On the average...organic systems are more complex by several orders of magnitude than those of inanimate objects. Even at the molecular level, the macromolecules that characterize living beings do not differ in principle from the lower-molecular-weight molecules that are the regular constituents of inanimate nature, but they are much larger and more complex. This complexity endows them with extraordinary properties not found in inert matter.

Systems at each hierarchical level have two properties. They act as wholes (as though they were a homogenous entity), and their characteristics cannot be deduced (even in theory) from the most complete knowledge of the components, taken separately or in other combinations. In other words, when such a system is assembled from its components, new characteristics of the whole emerge that could not have been predicted from a knowledge of the constituents. Such emergence of new properties occurs also throughout the inanimate world, but only organisms show such dramatic emergence of new characteristics at every hierarchical level of the system.

Anne

Steve Hsu said...

Mayr on complex systems:
"...their characteristics cannot be deduced (even in theory) from the most complete knowledge of the components, taken separately or in other combinations."

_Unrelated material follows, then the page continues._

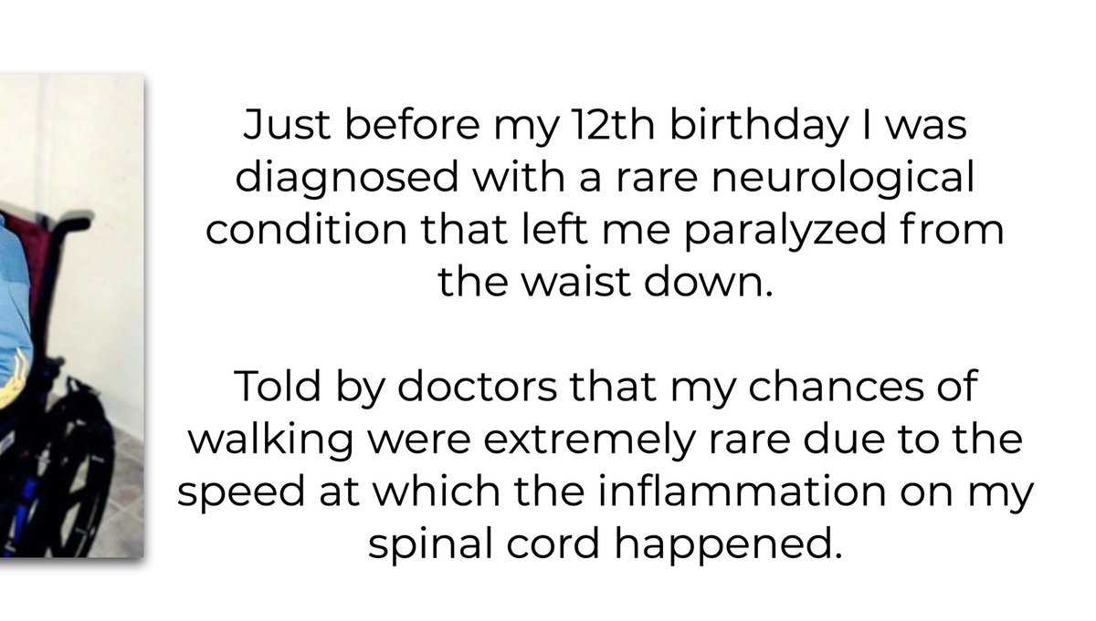 Just before my 12th birthday I was diagnosed with a rare neurological condition that left me paralyzed from the waist down. Told by doctors that my chances of walking were extremely rare due to the speed at which the inflammation on my spinal cord happened.

This goes a bit too far - in *practice* these characteristics can't be deduced (i.e., the behavior of a hawk from the properties of atoms), but we reductionists think that in *principle* they can.

Anonymous said...

Agreed. I am learning, and anticipated such a response. Nice.

Anne

Anonymous said...

You should tell that guy who funded the Perimeter Institute. If he spent the $100 million on lobbying it would have done physics alot more good than spending it on Lee Smolin and loop quantum gravity garbage. Such a waste.